● **Exercise**: In the data below, find the line containing "The iconic medium" and the line containing "A page of sheet", then reproduce them and every line between, exactly. Omit pictures.

● **Records for the task**:
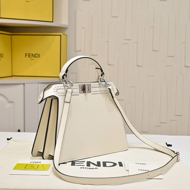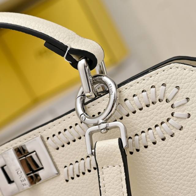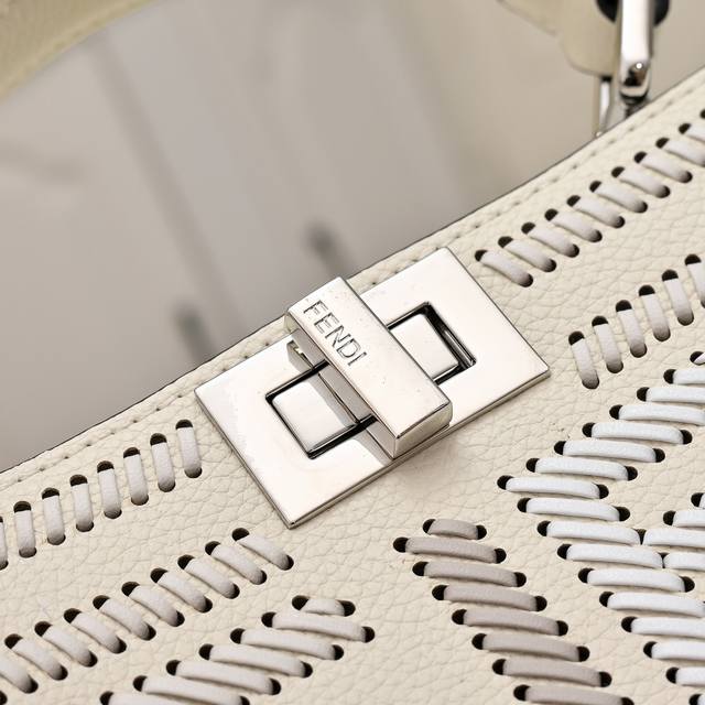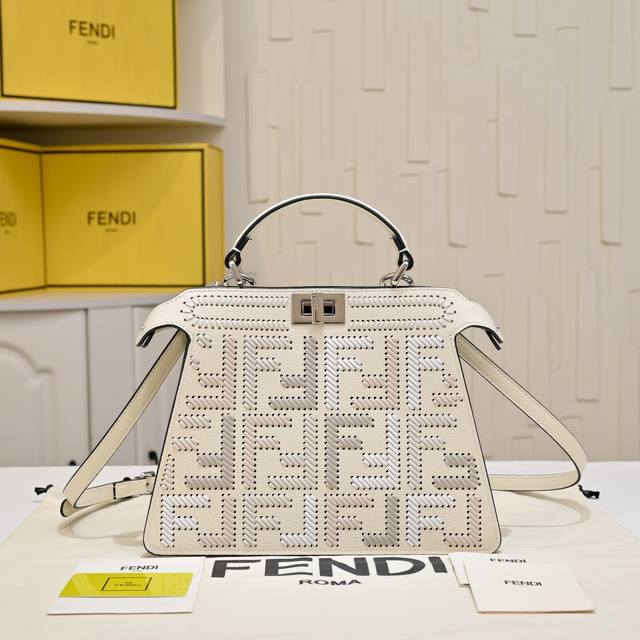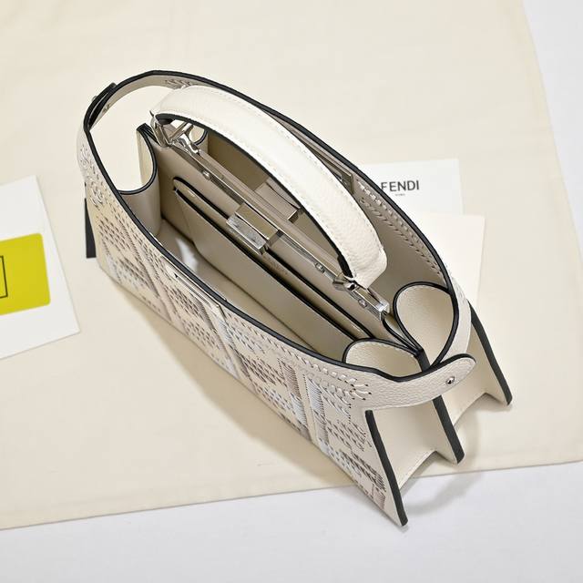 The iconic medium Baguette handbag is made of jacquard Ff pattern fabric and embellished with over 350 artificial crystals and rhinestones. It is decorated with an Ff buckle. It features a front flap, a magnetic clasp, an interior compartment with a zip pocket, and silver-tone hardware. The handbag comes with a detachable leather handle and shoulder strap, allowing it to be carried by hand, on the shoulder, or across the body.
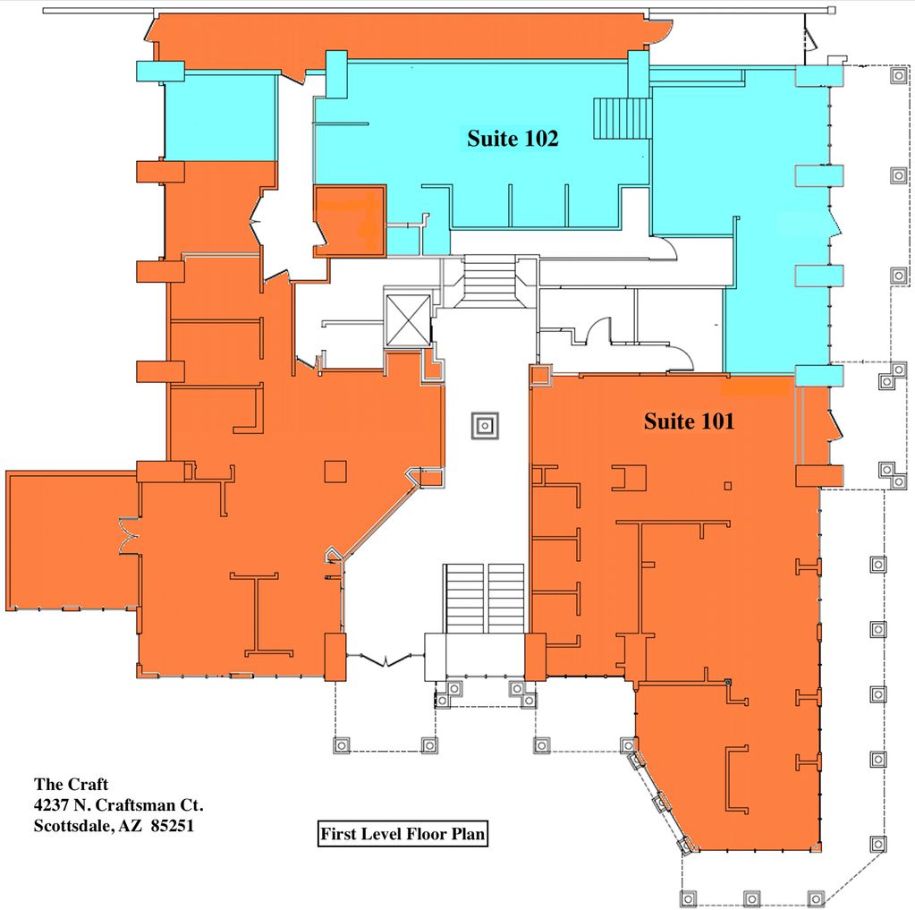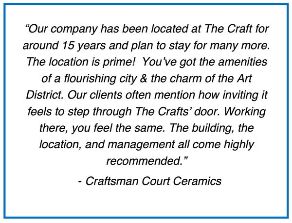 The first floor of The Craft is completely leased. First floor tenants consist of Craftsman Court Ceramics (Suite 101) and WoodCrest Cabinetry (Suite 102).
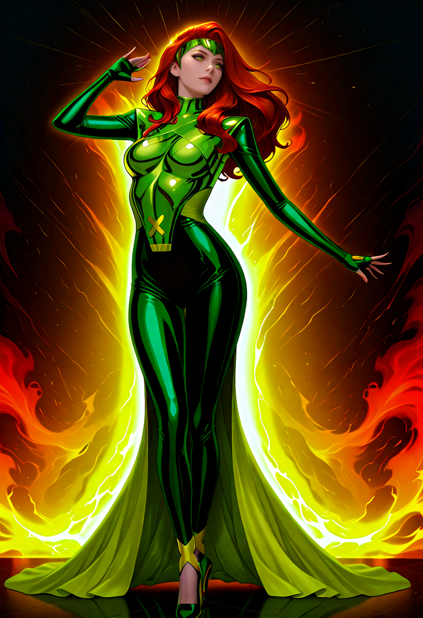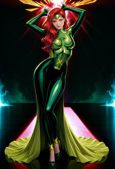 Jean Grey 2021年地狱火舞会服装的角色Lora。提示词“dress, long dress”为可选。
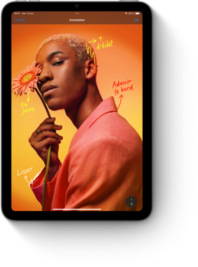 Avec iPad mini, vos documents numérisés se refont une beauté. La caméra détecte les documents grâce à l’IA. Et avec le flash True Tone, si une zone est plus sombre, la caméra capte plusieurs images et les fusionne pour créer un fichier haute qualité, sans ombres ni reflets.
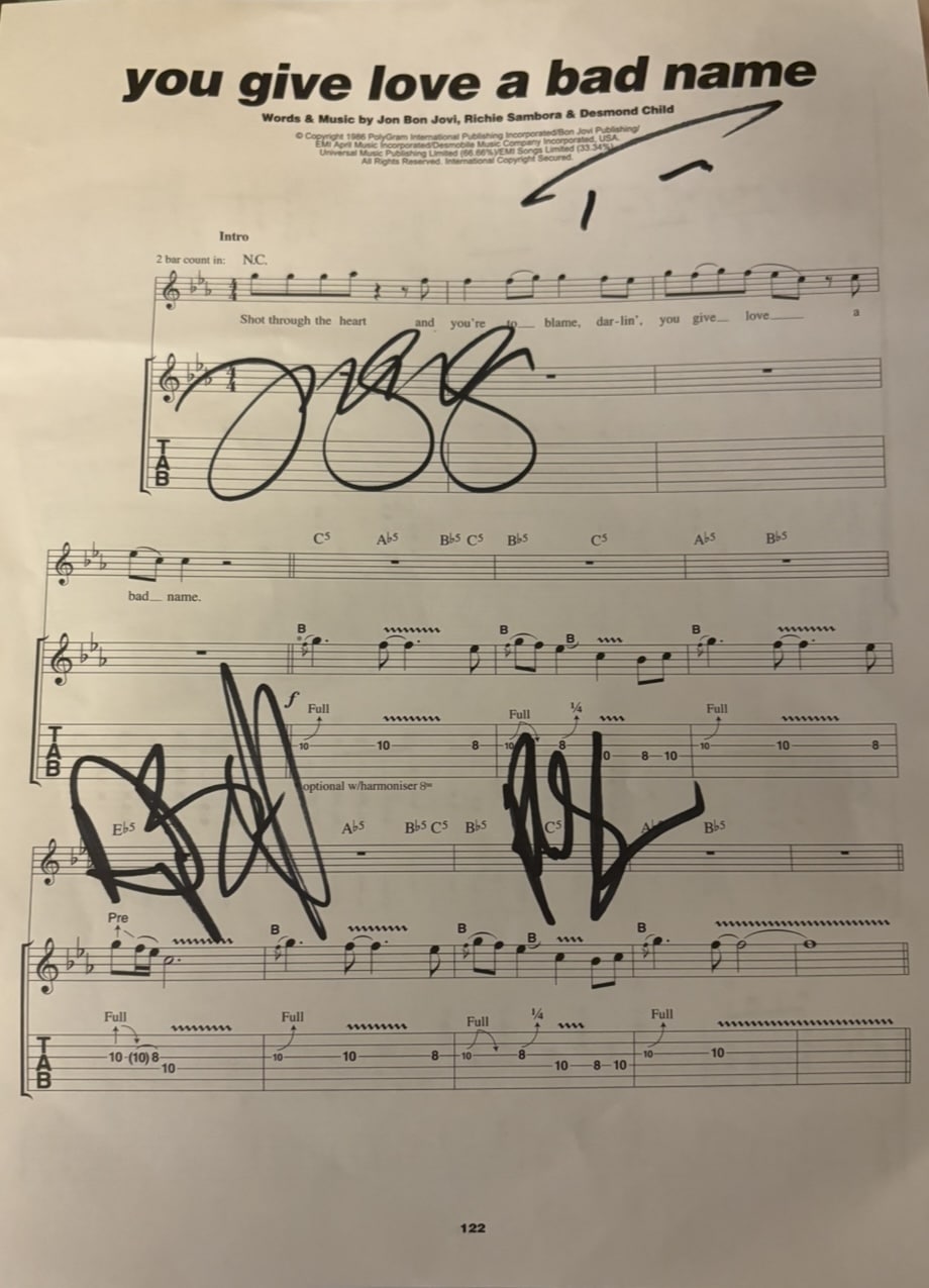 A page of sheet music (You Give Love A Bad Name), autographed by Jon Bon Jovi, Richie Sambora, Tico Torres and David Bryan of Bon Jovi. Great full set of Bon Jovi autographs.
--
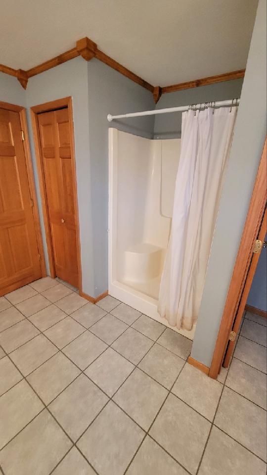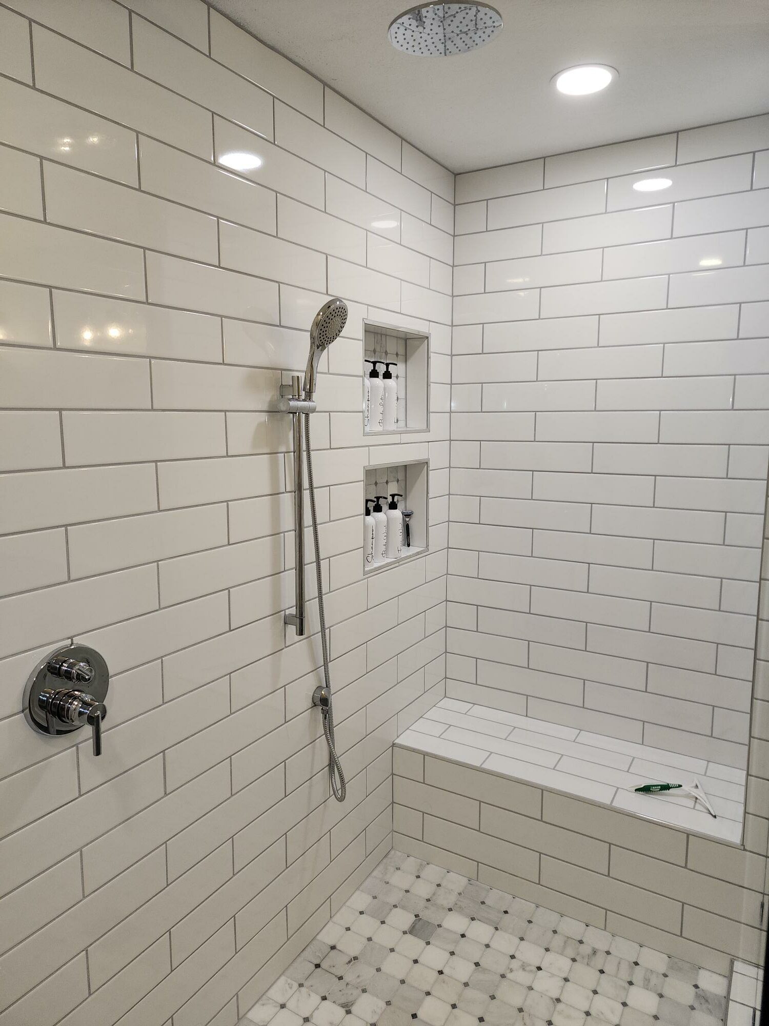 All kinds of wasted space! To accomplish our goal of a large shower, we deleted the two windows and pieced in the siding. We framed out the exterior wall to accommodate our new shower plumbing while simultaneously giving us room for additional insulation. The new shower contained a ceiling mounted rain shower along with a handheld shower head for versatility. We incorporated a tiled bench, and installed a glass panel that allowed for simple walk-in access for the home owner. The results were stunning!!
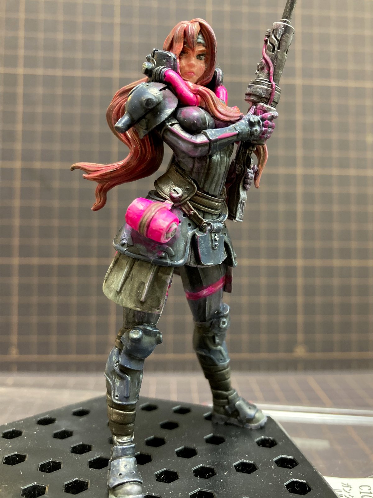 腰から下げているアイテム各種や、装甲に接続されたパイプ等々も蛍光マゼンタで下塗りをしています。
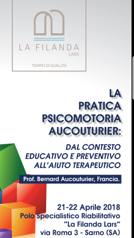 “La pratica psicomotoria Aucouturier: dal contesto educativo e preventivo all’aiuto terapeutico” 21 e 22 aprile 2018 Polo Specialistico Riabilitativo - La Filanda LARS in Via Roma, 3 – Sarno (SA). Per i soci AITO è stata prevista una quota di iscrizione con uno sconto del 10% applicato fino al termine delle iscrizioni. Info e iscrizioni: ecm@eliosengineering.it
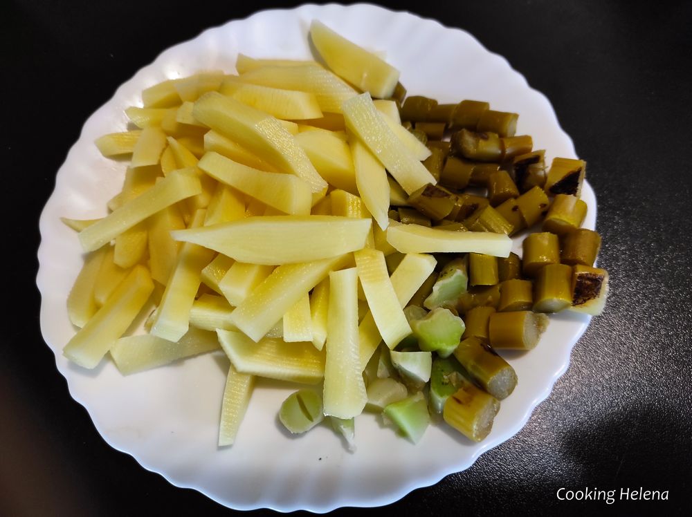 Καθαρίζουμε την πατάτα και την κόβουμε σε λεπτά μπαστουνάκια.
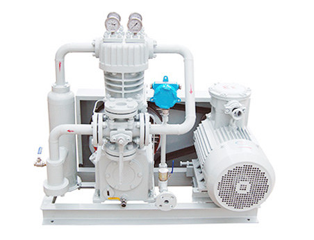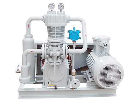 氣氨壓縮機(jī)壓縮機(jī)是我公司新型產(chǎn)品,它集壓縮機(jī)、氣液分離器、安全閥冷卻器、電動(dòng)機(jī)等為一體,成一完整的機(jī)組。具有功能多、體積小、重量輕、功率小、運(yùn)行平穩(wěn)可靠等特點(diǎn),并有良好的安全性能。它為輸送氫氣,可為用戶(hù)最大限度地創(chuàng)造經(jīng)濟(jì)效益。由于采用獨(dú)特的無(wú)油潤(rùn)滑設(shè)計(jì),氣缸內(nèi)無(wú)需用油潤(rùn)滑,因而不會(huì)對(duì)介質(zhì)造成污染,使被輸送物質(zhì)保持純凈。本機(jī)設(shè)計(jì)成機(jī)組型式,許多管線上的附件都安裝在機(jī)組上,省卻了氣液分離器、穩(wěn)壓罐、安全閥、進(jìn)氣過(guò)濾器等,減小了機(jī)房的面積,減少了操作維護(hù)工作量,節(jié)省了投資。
* * *
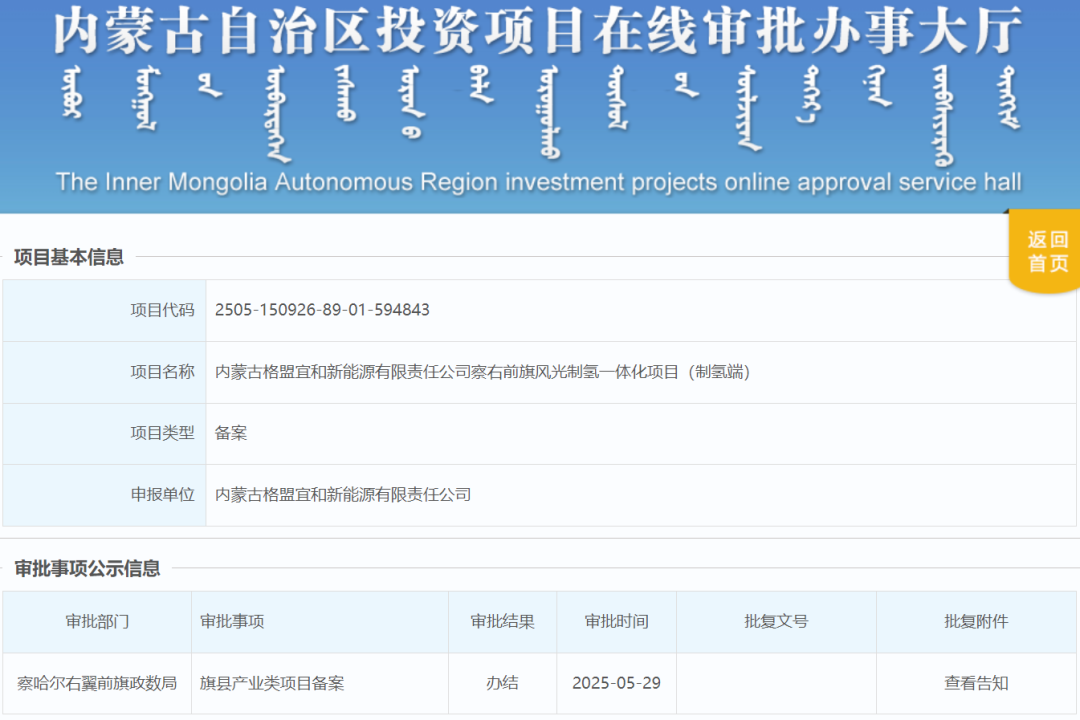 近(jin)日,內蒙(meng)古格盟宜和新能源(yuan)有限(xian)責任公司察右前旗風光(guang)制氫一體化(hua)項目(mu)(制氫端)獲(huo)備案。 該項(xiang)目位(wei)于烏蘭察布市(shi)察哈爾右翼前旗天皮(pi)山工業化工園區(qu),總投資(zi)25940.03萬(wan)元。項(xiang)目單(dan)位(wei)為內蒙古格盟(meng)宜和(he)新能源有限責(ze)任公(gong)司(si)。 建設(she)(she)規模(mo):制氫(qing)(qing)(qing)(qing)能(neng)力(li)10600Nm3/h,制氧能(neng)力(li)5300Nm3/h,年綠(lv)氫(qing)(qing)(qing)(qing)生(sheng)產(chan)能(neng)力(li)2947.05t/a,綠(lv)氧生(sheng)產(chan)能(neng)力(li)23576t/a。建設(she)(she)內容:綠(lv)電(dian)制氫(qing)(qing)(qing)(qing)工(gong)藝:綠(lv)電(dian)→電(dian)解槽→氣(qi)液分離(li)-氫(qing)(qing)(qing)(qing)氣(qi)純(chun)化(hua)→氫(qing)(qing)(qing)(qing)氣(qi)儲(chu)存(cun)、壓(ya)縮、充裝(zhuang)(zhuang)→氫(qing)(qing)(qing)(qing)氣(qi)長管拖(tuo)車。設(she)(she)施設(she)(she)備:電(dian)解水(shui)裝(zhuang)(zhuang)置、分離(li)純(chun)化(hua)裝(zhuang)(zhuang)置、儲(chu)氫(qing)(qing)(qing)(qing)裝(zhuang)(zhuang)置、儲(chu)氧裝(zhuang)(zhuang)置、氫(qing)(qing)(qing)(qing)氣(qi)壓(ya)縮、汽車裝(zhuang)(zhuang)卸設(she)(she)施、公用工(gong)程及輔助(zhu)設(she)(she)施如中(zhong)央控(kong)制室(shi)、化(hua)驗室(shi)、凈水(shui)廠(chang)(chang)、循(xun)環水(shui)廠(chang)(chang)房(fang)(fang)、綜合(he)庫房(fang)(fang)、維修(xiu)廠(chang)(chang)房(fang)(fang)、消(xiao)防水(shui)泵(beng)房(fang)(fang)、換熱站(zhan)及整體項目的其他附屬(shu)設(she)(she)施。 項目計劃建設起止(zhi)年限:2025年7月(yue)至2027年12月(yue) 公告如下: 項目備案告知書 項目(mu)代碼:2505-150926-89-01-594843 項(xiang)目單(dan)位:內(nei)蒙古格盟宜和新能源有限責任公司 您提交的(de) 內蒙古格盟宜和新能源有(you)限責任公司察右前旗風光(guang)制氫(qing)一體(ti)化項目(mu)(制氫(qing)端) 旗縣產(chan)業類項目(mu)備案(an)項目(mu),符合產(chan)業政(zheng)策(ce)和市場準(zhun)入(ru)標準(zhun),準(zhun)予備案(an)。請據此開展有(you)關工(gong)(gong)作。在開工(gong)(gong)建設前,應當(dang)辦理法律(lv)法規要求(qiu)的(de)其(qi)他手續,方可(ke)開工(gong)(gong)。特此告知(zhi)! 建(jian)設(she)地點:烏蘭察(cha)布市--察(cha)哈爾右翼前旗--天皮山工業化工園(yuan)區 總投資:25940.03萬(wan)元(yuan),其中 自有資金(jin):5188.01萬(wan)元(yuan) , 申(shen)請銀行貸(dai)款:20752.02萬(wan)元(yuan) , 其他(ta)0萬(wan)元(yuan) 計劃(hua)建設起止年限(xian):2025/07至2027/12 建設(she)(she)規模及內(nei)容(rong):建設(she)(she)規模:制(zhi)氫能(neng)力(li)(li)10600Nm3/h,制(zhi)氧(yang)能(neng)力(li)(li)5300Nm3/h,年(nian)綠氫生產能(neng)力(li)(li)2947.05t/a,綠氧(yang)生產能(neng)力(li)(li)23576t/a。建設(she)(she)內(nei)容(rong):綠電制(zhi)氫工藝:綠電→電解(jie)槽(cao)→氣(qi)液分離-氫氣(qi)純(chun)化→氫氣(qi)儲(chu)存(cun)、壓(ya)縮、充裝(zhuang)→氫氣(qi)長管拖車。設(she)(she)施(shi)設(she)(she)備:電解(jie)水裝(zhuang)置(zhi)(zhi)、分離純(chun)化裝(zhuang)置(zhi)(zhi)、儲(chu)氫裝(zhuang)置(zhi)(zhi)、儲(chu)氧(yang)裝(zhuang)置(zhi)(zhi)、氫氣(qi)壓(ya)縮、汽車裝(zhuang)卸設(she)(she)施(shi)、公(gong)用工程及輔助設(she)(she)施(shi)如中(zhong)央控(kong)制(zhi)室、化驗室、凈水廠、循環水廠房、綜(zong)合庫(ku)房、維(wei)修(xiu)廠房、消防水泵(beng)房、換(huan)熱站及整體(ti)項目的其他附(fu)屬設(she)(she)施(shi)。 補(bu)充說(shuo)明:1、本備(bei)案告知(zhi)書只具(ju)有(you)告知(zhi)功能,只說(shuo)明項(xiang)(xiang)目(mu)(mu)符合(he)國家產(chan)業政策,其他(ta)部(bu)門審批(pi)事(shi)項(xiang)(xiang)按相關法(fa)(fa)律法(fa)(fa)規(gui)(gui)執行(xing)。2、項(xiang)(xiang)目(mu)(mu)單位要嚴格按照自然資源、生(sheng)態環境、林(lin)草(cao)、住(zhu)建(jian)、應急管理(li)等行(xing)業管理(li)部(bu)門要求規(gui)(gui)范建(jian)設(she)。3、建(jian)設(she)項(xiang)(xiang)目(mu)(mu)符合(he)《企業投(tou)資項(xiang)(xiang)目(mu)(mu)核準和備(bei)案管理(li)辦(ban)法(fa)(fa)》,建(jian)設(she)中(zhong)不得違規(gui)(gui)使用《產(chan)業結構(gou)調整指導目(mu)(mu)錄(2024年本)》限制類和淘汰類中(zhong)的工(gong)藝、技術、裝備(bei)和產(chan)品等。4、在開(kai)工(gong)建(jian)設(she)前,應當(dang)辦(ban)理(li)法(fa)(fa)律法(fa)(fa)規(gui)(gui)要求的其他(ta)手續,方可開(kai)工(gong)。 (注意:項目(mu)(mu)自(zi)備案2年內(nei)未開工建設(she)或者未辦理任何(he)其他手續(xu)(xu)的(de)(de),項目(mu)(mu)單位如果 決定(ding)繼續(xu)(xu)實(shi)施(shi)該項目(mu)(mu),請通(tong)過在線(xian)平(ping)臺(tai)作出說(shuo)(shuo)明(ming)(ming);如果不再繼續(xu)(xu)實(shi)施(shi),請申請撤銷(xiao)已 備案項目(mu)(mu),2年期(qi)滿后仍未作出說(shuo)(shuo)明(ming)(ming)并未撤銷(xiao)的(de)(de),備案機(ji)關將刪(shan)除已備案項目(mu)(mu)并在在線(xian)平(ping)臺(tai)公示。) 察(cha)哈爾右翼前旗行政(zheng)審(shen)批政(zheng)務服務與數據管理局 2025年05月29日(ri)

● **Final answer**:
 The iconic medium Baguette handbag is made of jacquard Ff pattern fabric and embellished with over 350 artificial crystals and rhinestones. It is decorated with an Ff buckle. It features a front flap, a magnetic clasp, an interior compartment with a zip pocket, and silver-tone hardware. The handbag comes with a detachable leather handle and shoulder strap, allowing it to be carried by hand, on the shoulder, or across the body.
 The first floor of The Craft is completely leased. First floor tenants consist of Craftsman Court Ceramics (Suite 101) and WoodCrest Cabinetry (Suite 102).
 Jean Grey 2021年地狱火舞会服装的角色Lora。提示词“dress, long dress”为可选。
 Avec iPad mini, vos documents numérisés se refont une beauté. La caméra détecte les documents grâce à l’IA. Et avec le flash True Tone, si une zone est plus sombre, la caméra capte plusieurs images et les fusionne pour créer un fichier haute qualité, sans ombres ni reflets.
 A page of sheet music (You Give Love A Bad Name), autographed by Jon Bon Jovi, Richie Sambora, Tico Torres and David Bryan of Bon Jovi. Great full set of Bon Jovi autographs.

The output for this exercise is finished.